After 20 long and bloody years, the U.S. occupation of Afghanistan has finally (by and large) ended. The scenes out of the country as the United States pulls out are as chaotic and tragic as we’ve come to expect from U.S. interventionism. This crisis of imperialism has reignited the refugee crisis, and thousands are already trying to leave the country, fearing either retaliation from the Taliban or repression based on their gender or sexuality, adding to the 2.5 million existing Afghan refugees.
Unsurprisingly, the Western imperialist powers are already signaling that they will not help these refugees. President Emmanuel Macron of France said he will “protect France” from the coming wave of refugees. British Prime Minister Boris Johnson is facing a political crisis after announcing that the UK will only take 20,000 refugees over five years. The Biden Administration is also facing growing political fallout over its handling of the withdrawal and the refugee crisis: news outlets are reporting that the United States didn’t act to help refugees as they were withdrawing. Across the world, it seems clear that Afghan refugees will either be banned or severely restricted from entering.
You might be interested in: Protests Erupt Across Afghanistan in Defiance of Taliban Rule
Be it refugee bans or refugee caps, socialists must oppose all imperialist attempts to use borders to restrict the free movement of people, especially refugees from imperialist wars. To put it bluntly: the greatest imperial power in the world, with a coalition of other imperialist powers, attacked, looted, and occupied Afghanistan for 20 years and is now trying to prevent refugees from entering. After 20 years of imperialist occupation, Afghanistan is left impoverished, war torn, and with a growing COVID rate. This is imperialism in its clearest form. Every refugee from the Afghan war — indeed, every refugee anywhere — must be allowed entry into the U.S. and given full legal rights and protections.
It seems as if, at least for the United States, refugee status will be used as a political tool to reward Afghan collaborators. This is imperialist aggression, just with a nicer face. The idea that only Afghan refugees who helped the occupation will be let in sends a clear message to the working class in imperialized countries: work with your imperialist oppressors or get abandoned. This is one of the main ways that imperialism works: it forcibly recruits “native” allies and then uses the resources that imperialism provides to keep them in line. Dangling refugee status over the heads of people fleeing their homes is sure to be employed by the Biden administration and several other bourgeois governments across the West. This should also be fought back at every turn.
You might be interested in: The U.S. Military Left Behind Biometric Tracking Technology. The Taliban Is Already Using It to Track Afghans.

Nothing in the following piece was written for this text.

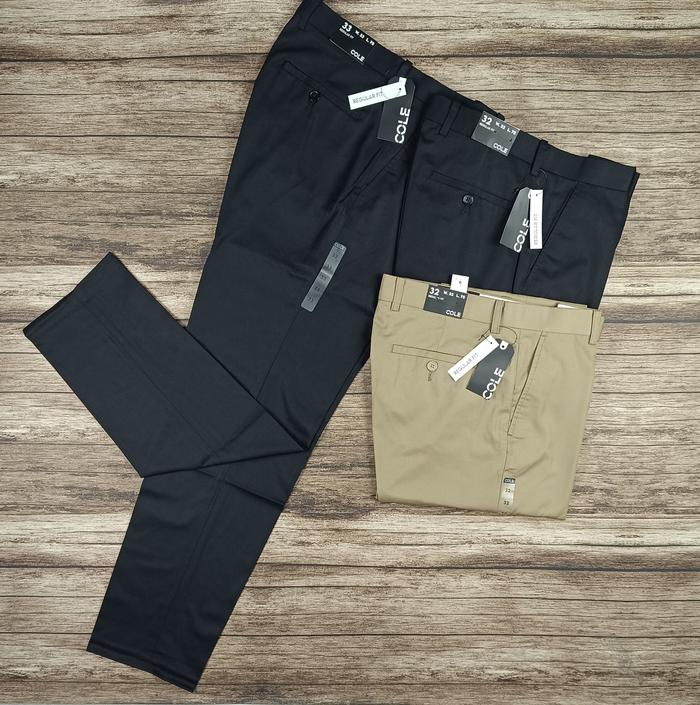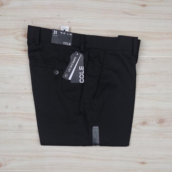 Cole Celana Panjang Formal Kerja Pria Cowok Hitam Krem Khaki Crem Reguler Slimfit Kantor Bahan - Cl-Hitam Slimfit, 32

It is also likely that the bourgeois press and right-wing political parties and movements will try to use the refugee crisis — or, as it ought to be referred to, the latest crisis of imperialism — to turn the working class against itself. This attempt to nationalize the working class against outsiders has been used by Donald Trump, Marine Le Pen, the UK Independence Party, and countless others to gain political traction. They will likely spread lies about these refugees, claiming that they are stealing jobs from native workers, and are to blame for worsening material conditions which are in reality a result of the decades-long assault of neoliberalism.
This nationalist rhetoric is fallacious, but could tap into very real fears, anger, and resentment of workers who have seen their material conditions decay over their lifetimes. As socialists, we must tirelessly rebut these right-wing and racist talking points and constantly show these native workers that the working class has no country, and the real reason for their worsening conditions is the international bourgeoise, not the international working class. Nationalism is not Marxist, and socialists should give no space to it.
The fight around Afghan refugees is just a prologue: as the climate crisis worsens, poverty deepens, and international strife ignites and reignites, we will continue to see a rise in refugees. The response to this from the more economically developed capitalist nations like the U.S. will be to drastically limit the amount of refugees that they admit, and only let in those who are seen as useful for the capitalist superstructure — be that collaborators in occupations, “skilled workers,” or just refugee workers to hyper exploit. This will likely accompany a rise in nationalist rhetoric.
The only way to fight this back is to create a true mass movement of the working class to defend the rights of refugees and demand that borders be opened to let them in. The work to build that movement will not happen overnight or by chance — we must begin to develop that fight now. The way we fight for Afghan refugees now will prepare us to fight for climate refugees in the future, to fight for refugees from Latin America, to fight against the entire imperialist concept of borders. This movement will be vital to combating all forms of imperialist aggression that force people to flee their homes.
What we do now matters. Will we sit by and trust the forces of imperialism to resolve the refugee crisis? Will we just donate to NGOs and think that’s enough? Or will we start to take concrete political action to build a movement to demand that every refugee who wants entry to the United States should be given entry? Do we correctly denounce borders as the imperialist tool they are or do we make compromises with nationalism? Do we fight against the imperialist state or do we make concessions to it? Do we fight for the international working class or not?
Every refugee must be let in, whether they helped the United States forces or not. The imperialist aggression on Afghanistan created millions of displaced and fleeing people, and only the collective action of the global working class can give them refuge.